I know that I’m not alone in that. Like many others, I’m heavily involved at my cricket club, an organisation – as the majority in amateur sport are – run by volunteers.

Only, I’ve never seen it as volunteering – I feel like that formalises something that, for me, is simply a way of life, a part of my existence that I would hate to do without.

I sit on a committee of 16 members, many of whom do more than me and have done for longer; I look after the social side of things and help out with player recruitment and publicity. But we’re all the same in our undying commitment to a place that feels like home. And furthermore, we’re all the same in approaching the coming weeks and months in a state of some uncertainty.

Objectively, there is no confusion. The Middlesex County Cricket League has provided regular updates ever since the ECB first advised that all recreational cricket be suspended until further notice.

On Tuesday, it was announced that the first three games – the campaign was due to begin on May 9 – had been cancelled and would be treated as matches abandoned rather than to be rearranged further into September or, as has been mooted on the county circuit, as late as October.

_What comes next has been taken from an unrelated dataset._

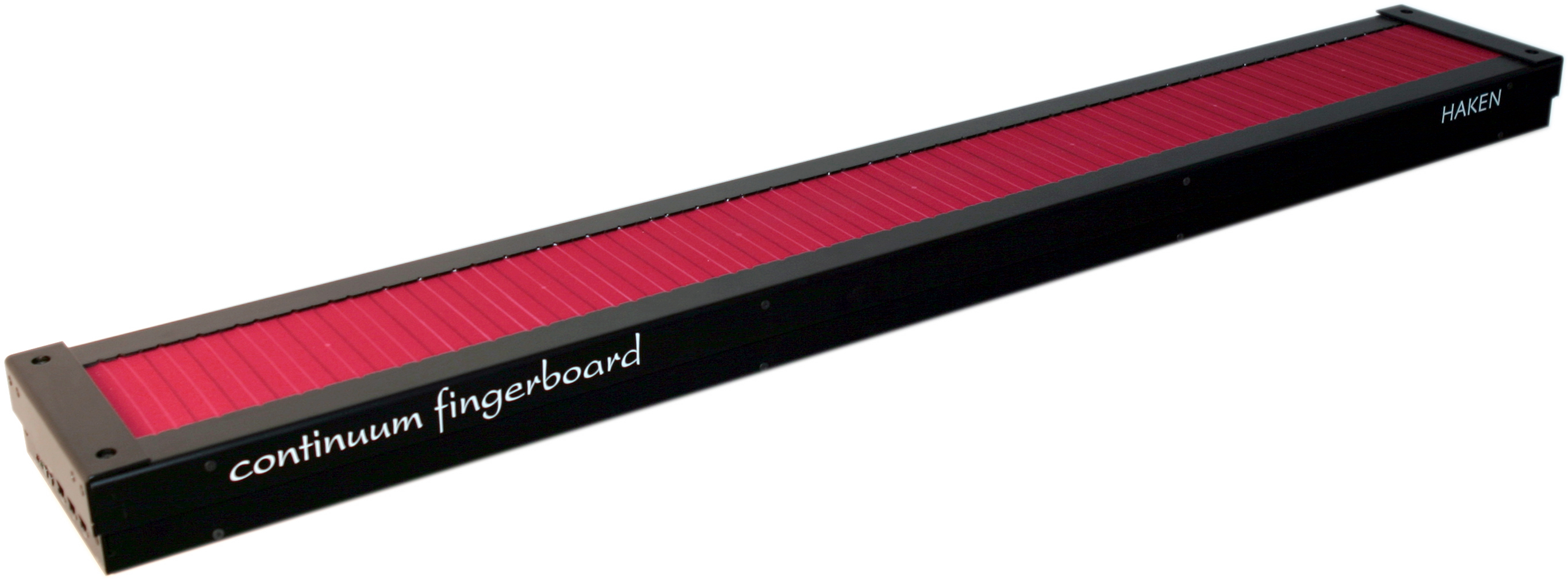 Image of Haken Audio's full-size Continuum Fingerboard.

The expectation in these unprecedented times has to be that this is the first of several inevitable such notices. Faced with a global pandemic about which we are learning every day, it feels wrong to plan for anything else.

Rather, the doubt lies elsewhere. For many – and this extends well beyond the committee and club badgers, Saturday is summer. Whatever the level, there are those who spend their Sundays nursing hangovers, bruises and tired legs, analysing in their minds the events of the previous day, and then using the following five looking forward to the next instalment. We curse it as a perennial frustration, forever asking ourselves why we bother. But we return every week and every year. A game missed is a memory lost, and that threat is too much for many of us to risk, and so we keep coming back. Rolling into the car park on a sun-soaked weekend morning is entering a happy place.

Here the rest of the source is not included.